Troisième partie, Odes majeures, p.345
La traduction d’une spiritualité
Pound est un auteur au savoir encyclopédique, qui n’a eu de cesse d’explorer langues et courants artistiques afin de trouver ce qui lui paraissait être la forme idéale en poésie. Il est un collectionneur de mots, qui s’applique à mélanger les langues et symboles pour créer sa poésie. Son style fut durant longtemps celui d’autres, de poèmes qu’il disséquait, analysait, écoutait puis retranscrivait. En s’appuyant sur la traduction de recueils provençaux, italiens ou français, il a pu acquérir un sens de la langue. Conscient de cette prescience du poème, il a rapidement succombé à la prétention de traduire la poésie qu’il ne déchiffrait que difficilement. Cette Anthologie est le fruit de treize années d’études consacrées à la force du caractère chinois, fortement aidé par les écrits de son maître Ernest Fenollosa (1853-1908). Ce sinologue était aussi enseignant en sociologie et philosophie au Japon puis à Harvard ; il possédait les connaissances qui manquaient à Pound. La femme de Fenollosa fit don à Pound et Yeats des écrits de son défunt mari afin de donner une suite à cette mission d’intérêt public. Ils étudièrent surtout les notes explicatives sur la poésie chinoise et le théâtre nô, afin de terminer le travail du sinologue et de renforcer le goût des écrivains modernes pour l’Extrême-Orient.
La traduction de Pound possède une dimension instinctive qui dépasse la fidélité littérale attendue, et même la métrique des vers. Il transforme les sixtains en quatrains, et ne s’intéresse qu’aux symboles et au rythme. Il expose une tradition millénaire à une trahison du poème originel, par sa volonté de considérer la traduction comme un jeu. Mais l’écriture chinoise est une science complexe, qui réunit plus de 9000 caractères, comme le dictionnaire Shuo-wen chieh-tzu l’indique, et Fenollosa n’a malheureusement pas fait état dans ses notes des modifications de ces caractères avec le temps : certains d’entre eux avaient pour but, à une certaine période, d’indiquer l’étymologie du mot, et non sa fonction dans une phrase. Cette appétence pour la concision mène le poète à une compression du poème traduit, qui peut conduire à un non-sens.

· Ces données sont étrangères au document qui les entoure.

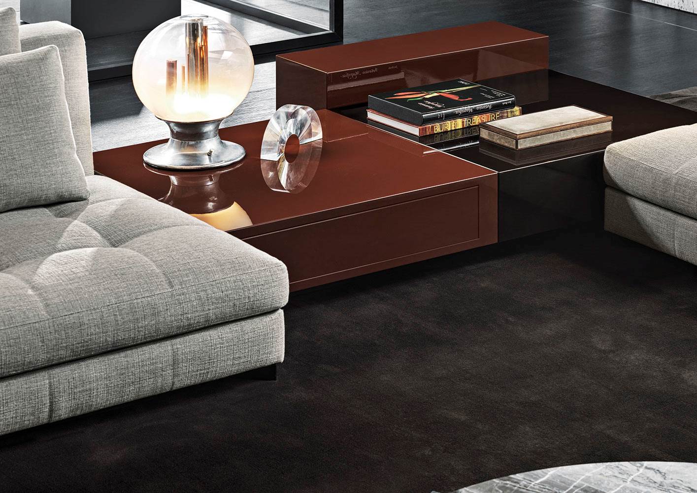 The material available on the Website may not be extracted or reused, reproduced in full or in part, distributed, published or transmitted, without the prior express written consent of MINOTTI. Any other activities that may be prejudicial to the legitimate interests of the authors and holders of rights concerning the original works and decorative models accessible thereon are forbidden.

Auxéméry a donc considéré le travail qui lui incombait comme un double-jeu, celui de comprendre la complexité du jeu de traduction poundien, et celui de travailler à le traduire lui-même : « Se lancer dans la conversion du poundien en français suppose, peut supposer, un certain goût pour la parodie ou le pastiche, ou peut-être plus simplement pour le principe de l’escarpolette – ivresse d’un balancement entre idiomes flottants, mais flottant avec une assurance éprouvée dans leurs propres mécanismes, tout en expérimentant ces mécanismes-là par l’usage ! On reste sur la bascule, tout en avançant. – Une forme de pari constant, à tenir entre respect et distance, entre écart et égard. » La matière tant que l’originalité de cet ouvrage sont une superbe entrée vers deux mondes opposés qui semblent se rejoindre : la tradition confucéenne et le style poundien.